El otro día vi un chiste gráfico muy "simpático" en el que un matrimonio en la cama, tenía en medio de ella separándolos una malla metálica como las de los campos de concentración, creo que no se querían ni rozar.
Se me vinieron a la memoria esos campos que tan bien describió mi amigo Andrés Pérez Domínguez en su genial libro: el Violinista de Mauthausen, el muro de Berlín, la gran muralla china, la muralla árabe de mi querido barrio de San Pedro de mi ciudad; todas las murallas, todas las vallas, todas las alambradas parten una tierra, y separan.

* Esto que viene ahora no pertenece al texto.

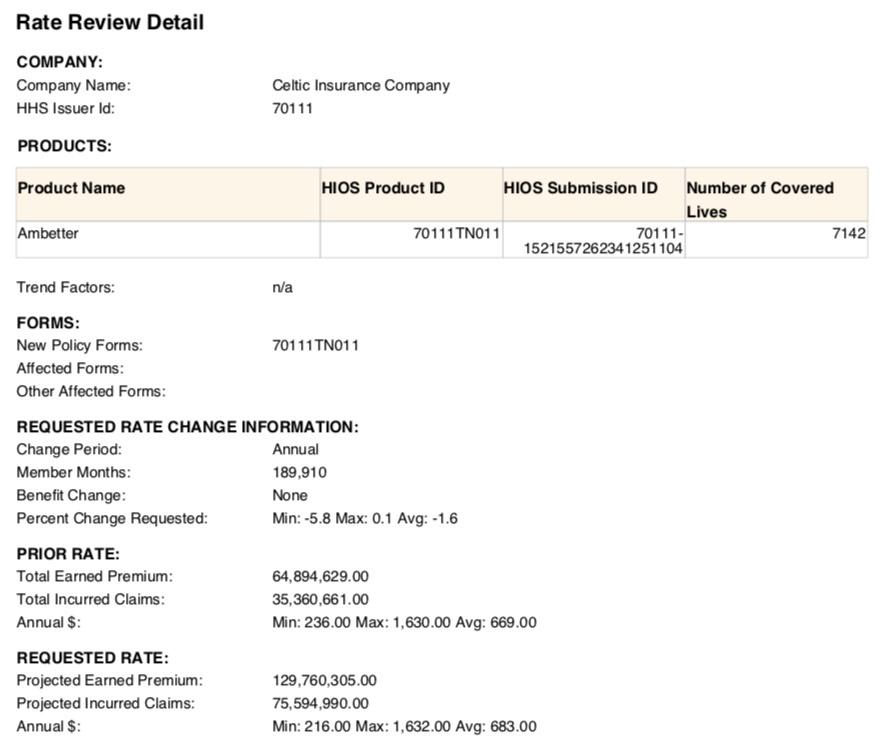 • Celtic/Ambetter Insurance: Coverage continues in Chattanooga and Memphis and expands into Nashville and Knoxville; rates decrease an average 1.6%.

El genial Nino Bravo, en su canción "libre", describe a las mil maravillas lo que es una frontera amurallada, lo que se siente al cruzarla, y lo que te puede conllevar.
Incluso la muralla que separa esta vida de la que viviremos una vez abandonada esta, es una pared sin retorno, un muro que separa nuestro yo de aquí, malo, engreído, envidioso, de nuestro yo de allá, ser de luz sin complejos ni ataduras.
Lo primero que se construía cuando se conquistaba un territorio era una muralla, bien fuera de palos, de caliza, de piedra para que los enemigos, que a la postre eran los que anteriormente habitaban en ese territorio, no pudieran acceder a su antigua tierra.
Es de enemigos, no de amigos, que las ciudades aprendan la lección de construir murallas altas para preservarse.
Una de las frases que más me impacto fue esta de Luis Alberto Spinetta (el flaco), multifácetico artista argentino:
"Después de todo tú eres la única muralla, si no te saltas a tí mismo, nunca darás un solo paso"
Es hora ya de derribar las murallas, especialmente las nuestras, las que amurallan nuestro corazón.